While the Pilgrims’ landing at Plymouth occurred in 1620, the social coding influencing their alcohol options begins prior to their departure from England in 1607. England (and Europe) of the 16th and 17th centuries was strongly divided through intertwined elements of class, challenges to existing political structure, and religious fervor and reform. This broad-scale movement was brought to a crescendo around 1517, when Martin Luther’s 95 points helped solidify the Protestant Reformation . It would be a few decades later that Henry VIII famously made the monarchy the head of the reformed Church of England in order to annul his marriage to Catherine of Aragon.
(An aside: Catherine of Aragon’s coat of arms included a pomegranate representing Granada, which had been absorbed into the Kingdom of Aragon in the late 15th century. It is also thought that this symbolized fertility, but I prefer Granada.

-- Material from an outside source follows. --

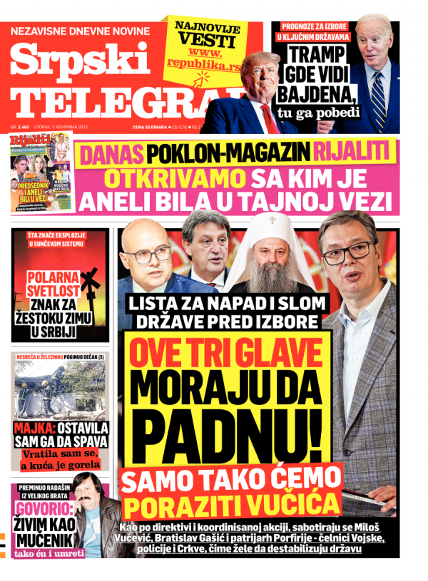 Naslovna strana Srpskog telegrafa za 07.11.2023.

Ever since I learned of this heraldry, I have decided that the lemon shall evermore be my own personal symbol.) Of course Henry’s “reforms” centered more on his own needs for validation to marry another woman who could produce a male heir than on grounds of papal and clerical excess. The group that comprised the Pilgrims were “separatists”; their view of the reformation of the Church of England was that it was too little, and too entrenched to be modified to their liking and thus they must separate from it. Moreover, they were not free to practice their beliefs free of persecution. So, they escaped to the relative tolerance of the Netherlands, to which we will return later.
In addition to the Separatists, there were reformers who did stay in England, such as the Puritans. The Puritans attempted to reform the church from within; ultimately, they resisted the monarchy and its allies (who were known as “Royalists”, or “Cavaliers”) and instead supported Parliament (as “Parliamentarians” or “Roundheads”) in the lead up to the English Civil War of the 1640’s. The very term, “Roundheads”, had its origin in the close-cropped haircut favored by the Puritans – who later grew ringlets in defiance of this pejorative term. Of more interest here than naming schemes is the persistent social coding that associated wine with Cavaliers, and beer (or nothing) with Roundheads. This was partly due to economics; wine was expensive and Royalists were often of the landed gentry who would benefit from the status quo. Wine imported into England in the early-mid 17th century was commonly of French origin – namely from Gascony and Bordeaux, the latter of which initiated a strong British partiality to Claret (red wine of Bordeaux). The wine cork was not yet in fashion, and wine was imported in hogsheads (large casks of anywhere between 50-79 gallons) and served in decanters at the (wealthier) table. Beer, on the other hand, was associated with Parliamentarians, who were more often members of less-monied and storied classes and groups. Beer was cheap; it was locally brewed both commercially and domestically, from inexpensive and readily-available ingredients. While these associations began as a reflection of then-current behavioral norms,
they later became codified as a form of political identity – particularly amongst exiles as known for such communities in the Netherlands (Keblusek 2004). While an earlier community in exile in the Netherlands, the Separatists who constituted the Pilgrims would have embodied the cultural norms of anti-royalist England and probably drunk primarily beer. Nonetheless, in their new home in Amsterdam, they would have at least been introduced to that society’s alcohol practices; in the 17th century, the Dutch would be drinking Jenever , the distilled malt-wine flavored with herbs that was a precursor to gin.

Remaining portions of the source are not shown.